Naast een stuk of wat spammails zijn er twee berichten die mijn aandacht trekken. Een is van Z. de Haan, de ander van Gekke Gerrit. Mijn hart mist een slag, het zal toch niet dié Gerrit zijn?
Ik open zijn bericht als eerste.
Hallo Lot, met veel interesse heb ik je advertentie gelezen. Ik heb zelf ook een advertentie gezet omdat ik graag een relatie wil.
Niemand kan zeggen dat hij niet direct is. Ik lees verder.
Alleen is dat nog niet gelukt. Ik heb geen feestjes ofzo, en ik zie het ook niet echt zitten om je te betalen, maar misschien kunnen we iets afspreken? Volgens mij ben jij ook op zoek naar een relatie en doe je alleen maar alsof je betaald wilt krijgen om mijn aandacht te trekken. Dat vind ik een goede truc. Maar je wilt gewoon seks. En ik ook. Laten we afspreken. Ik heb een foto gestuurd, zodat je kunt zien wie ik ben. Ik ben trouwens 56, en geen 36 zoals in mijn advertentie staat. Dat is een typefout.
Groeten van Gerrit
Ik weet niet of ik moet lachen of huilen. Geen wonder dat niemand het ooit met Gerrit heeft uitgehouden.
Toch open ik nieuwsgierig de foto. Onwillekeurig deins ik terug. Jakkes, wat een engerd. Zei hij dat hij 56 was? Iemand heeft zichzelf duidelijk een halve eeuw jonger gelogen. Deze man is hoogbejaard! En hoogbehaard. Jammer genoeg heeft hij besloten dat het een goed idee was om zonder T-shirt te poseren. Nu krijg ik mijn brood helemaal niet meer weg.
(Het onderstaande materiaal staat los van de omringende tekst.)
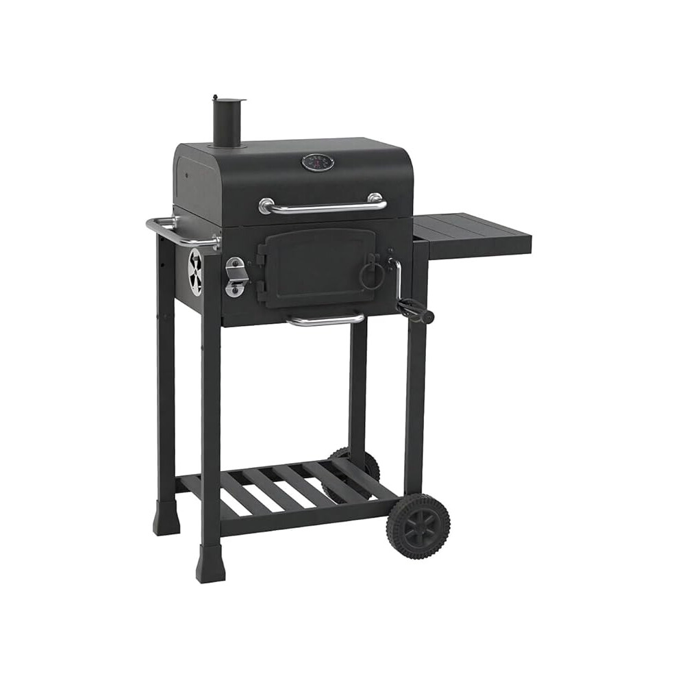 Outdoor XL Smoker Barbecue Charcoal Portable BBQ Grill, 2 Folding Side Table, Built-in Thermometer, Adjustable Charcoal Pan & Chimney, Wheels

Hoopvol open ik de e-mail van Z. de Haan. Deze persoon heeft niet meer te melden dan 'je bent niet goed bij je hoofd'. Hier schiet ik ook al niet veel mee op.
Ik klik een paar keer op vernieuwen, maar er komen geen nieuwe e-mails binnen. Daarna pak ik mijn telefoon en kijk er hypnotiserend naar, alsof ik het toestel zo kan dwingen om over te gaan.
Er gebeurt niets.
'Eet je niet met ons mee?'
Ik schrik en draai me om. Jorien, die groep twee heeft, staat in de deuropening. Ze kijkt me bevreemd aan. Dit is al de zoveelste keer dat ik alleen in mijn lokaal lunch.
Ik knik. 'Ik kom er zo aan. Even iets opzoeken.'
Met haar broodtrommeltje onder haar arm loopt ze weg. Ik sluit Hotmail. De foto van Gekke Gerrit blijft staan. Hij lacht zijn gele tanden bloot. Ik huiver en zet het scherm uit.